«Bring yourselves back online.»
«Tornate in linea.»
Abbiamo cullato le nostre teorie per settimane, le abbiamo viziate vestendole delle più argute (pertanto azzardate) sfaccettature perché si sentissero vanitose e si preparassero al meglio all’incontro con i nostri sensi, nell’eventuale caso in cui si fossero rivelate giuste.
La prima si è presentata dirompente ed indiscreta, due settimane fa, con il roco suono di una voce crudelmente programmata per esclamare innocente “What door?“.
Questa seconda volta, quella voce è stata “sovrascritta” dal liberatorio benvenuto di un burattinaio al suo burattino che accompagna il risveglio di Bernard, nel racconto della sua genesi, con delicatezza serafica.

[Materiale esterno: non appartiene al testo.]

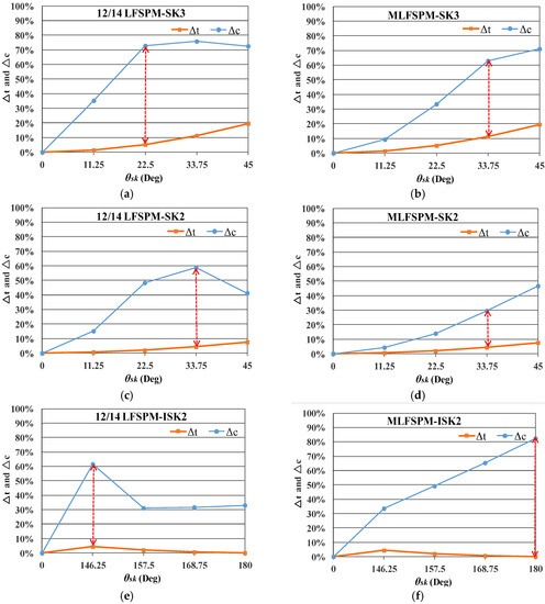 The variation of Δt and Δc with different θsk for: (a) 12/14 LFSPM-SK3 machine; (b) MLFSPM-SK3 machine; (c) 12/14 LFSPM-SK2machine; (d) MLFSPM-SK2 machine; (e) 12/14LFSPM-ISK2 machine; (f) MLFSPM-ISK2 machine.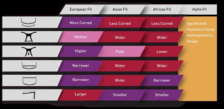 Per aiutarvi a trovare la montatura più adatta, abbiamo identificato l’appoggio come European Fit, Asian Fit, African Fit e Alpha Fit.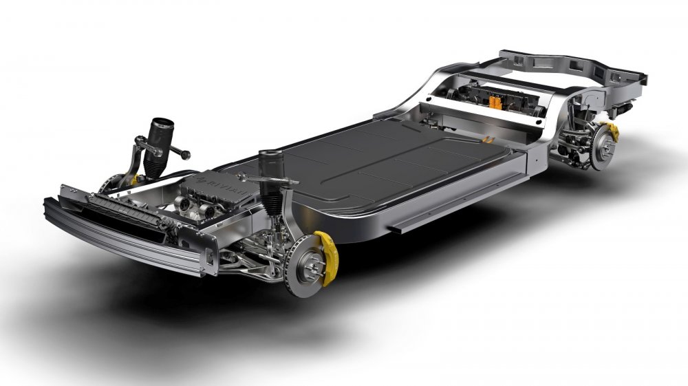 Платформа Rivian представляет собой раму лонжеронного типа с интегрированной в неё лити-ионной АКБ, и, скорее всего, похожая будет у нового Escalade, но с тем отличием, что её можно будет также использовать для автомобилей с традиционной силовой установкой, то есть для бензинового двигателя и автоматической коробки передач.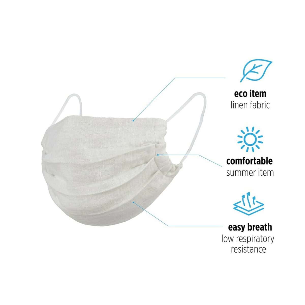 Model jest dwuwarstwowy, wykonany w 100 % z naturalnego lenu, co zapewnia przyjemny kontakt ze skórą i świetną cyrkulację powietrza. Wysoką jakość potwierdza certyfikat OEKO-TEX Standard 100. Maseczkę można prać – pierwsze pranie w 30 °C, kolejne w 40 °C – a także poddawać sterylizacji wodnej w 100 °C i prasować do 200 °C. Elastyczne mocowania gwarantują komfort nawet przy wielogodzinnym noszeniu, a niewielka waga 12 g i kompaktowe wymiary 17,5 × 9 cm (15 cm po rozłożeniu) ułatwiają przechowywanie.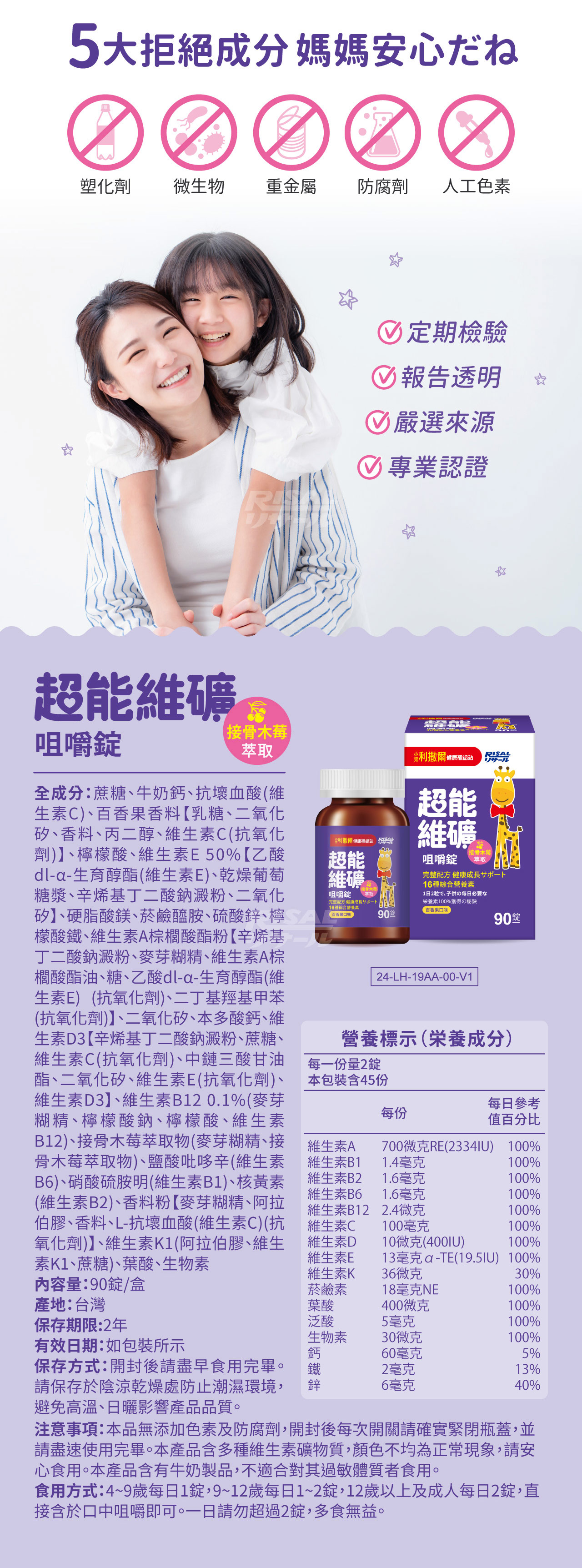 營養標示 每一份量2錠 本包裝含45份 每份 每日參考值百分比 維生素A 700 微克RE(2334IU) 100 % 維生素B1 1.4 毫克 100 % 維生素B2 1.6 毫克 100 % 維生素B6 1.6 毫克 100 % 維生素B12 2.4 微克 100 % 維生素C 100 毫克 100 % 維生素D 10 微克(400IU) 100 % 維生素E 13 毫克α-TE(19.5IU) 100 % 維生素K 36 微克 30 % 菸鹼素 18 毫克NE 100 % 葉酸 400 微克 100 % 泛酸 5 毫克 100 % 生物素 30 微克 100 % 鈣 60 毫克 5 % 鐵 2 毫克 13 % 鋅 6 毫克 40 %

Dimostrando che un colpo di pistola, a Westworld, è il risultato di una stringa numerica tanto quanto un sorriso ammaliante.
Dimostrando che anche un saluto può nascondere un colpo di scena dalla potenza emozionale con pochi precedenti, che pur avendo previsto settimane fa non ha perso di immobilizzante fascino.
Nessuno di noi può immaginare quante straordinarie possibilità abbiano inizio con un “ciao“.
Non possiamo, perché al palmo della nostra mano manca quella legnosa manopola che avvia la melodia già programmata di un piano a rullo; perché la conoscenza a priori è un illusorio fardello di cui gentilmente non ci è stato concesso il possesso.
Ma nel mondo di Westworld, quest’idea è capovolta.
Nel mondo di Westworld Dio tace, e l’uomo diventa il prolungamento della sua volontà tacita.
Egli programma la nascita, preleva il libero arbitrio con chirurgica malvagità, e decide la morte.
Esattamente come fa Ford, difende la possibilità di conoscere l’ipotesi di futuro e, nell’eventualità di poterla cambiare, la custodisce in un’asettica camera vetrata che confonde il bianco col riflesso lucido del nero.
Ford sa di dover ripetere il processo con livido stacanovismo (anche infruttuosamente) nel tentativo di ritrovare un alleato naturale in grado di non commettere più gli stessi “errori“, ma non sa ancora per quanto.
Sorride dei suoi, di errori, sorprendendosi ogni volta dell'”imperfetto umano” che genera il “perfettamente coerente androide” che non può contraddire sé stesso.
Atto a coincidere con la perfetta circolarità di un ritorno, l’host non si tradisce neppure col ricordo di un esito insperato.
È per questo che Bernard tornerà al punto d’origine ancora una volta, scegliendo ancora la sua strada anziché quella di Ford.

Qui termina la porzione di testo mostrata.